IBM and Honeywell have agreed a 10-year deal on electronics for aircraft, munitions, and space and surface vehicles.

The agreement between IBM's Engineering & Technology Services unit and Honeywell's defence electronics business is worth up to $250m (£134m), according to a Honeywell spokeswoman. It gives Honeywell access to IBM's engineering expertise, technologies, R&D, and manufacturing processes and facilities, and is designed to speed up Honeywell's production of network-centric battlefield components and systems. 

In return, the pact provides IBM with military and aerospace resources and expertise, as well as access to avionics and vehicle electronics customers. 

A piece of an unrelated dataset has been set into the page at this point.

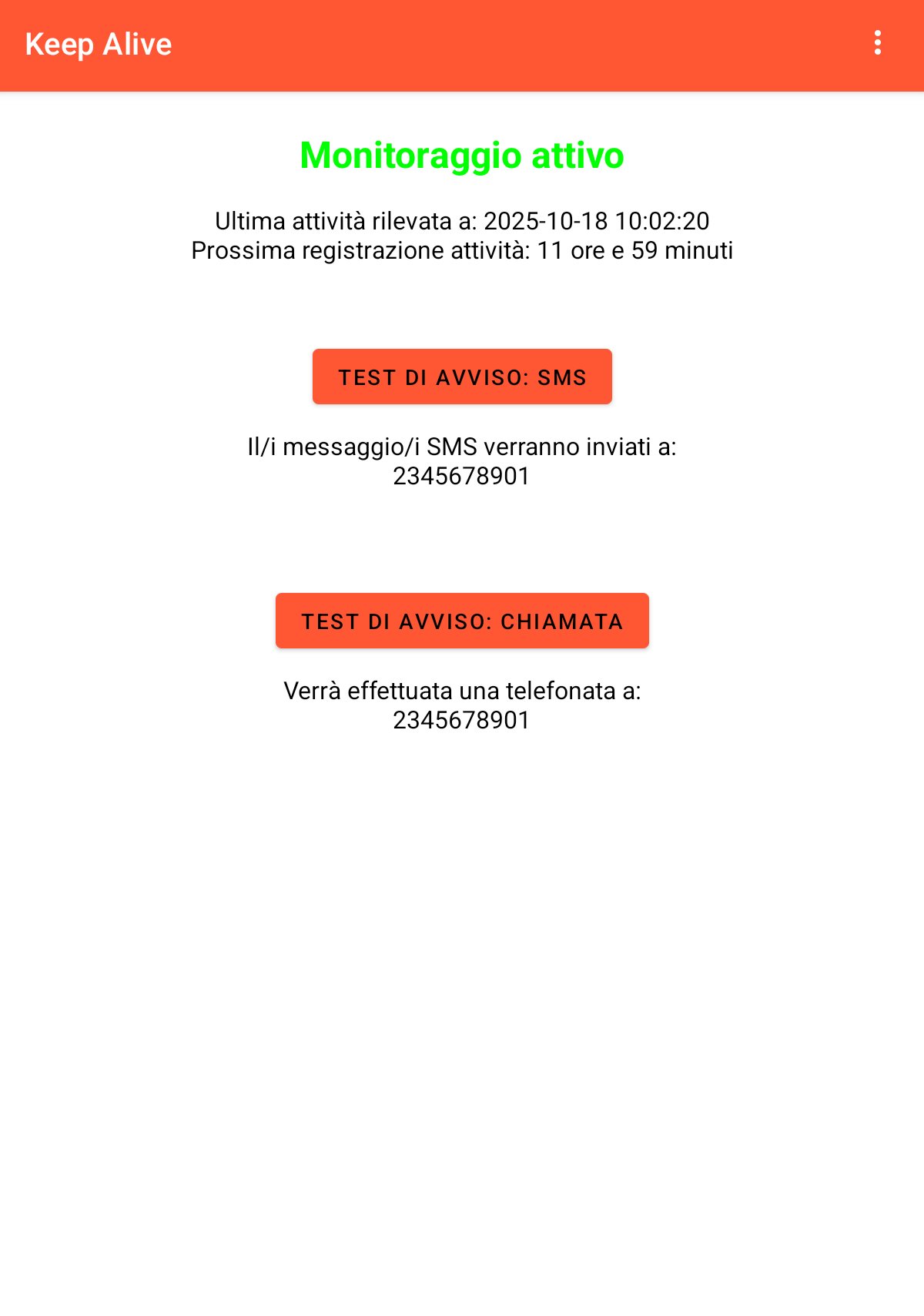 Keep Alive invia un messaggio personalizzato via SMS a una o più persone se non utilizzi il dispositivo per un determinato periodo di tempo. Pensata come misura di sicurezza per chi vive da solo, utile in caso di incidente o emergenza. Una volta configurata, non richiede ulteriori interazioni.

"IBM's expertise in high-bandwidth communication and protocols, as well as its high-performance information processing and network management tools for use on vehicles, will provide our military customers with advanced systems quickly and more cost-effectively," said Honeywell vice-president Ed Wheeler. 

While Honeywell gets engineering expertise - along with IBM's Power architecture, and technology and integration - IBM gets a partnership with a well-known face in the aerospace and defence arena that can help it boost its position in that market

"Our goal is to get a bigger piece of that business through our work with Honeywell," said IBM spokesman Cary Ziter. 

IDC analyst Bob Parker said the deal was a reaction to aerospace and defence bodies shifting development risks to the contractors. 

"This is an engineering service," said Parker, "not your non-core competency back-office kind of story. We're seeing an IT services company getting into very much a business-centric type of activity." 

IBM sold off its aerospace and defence business in 1993. "Though they're not doing direct contracting, this gets them back into that business a little bit," said Parker. "Honeywell gets a larger measure of control over the electronic design of a system that it would normally have to give up to one of the electronic contractors like Rockwell Collins."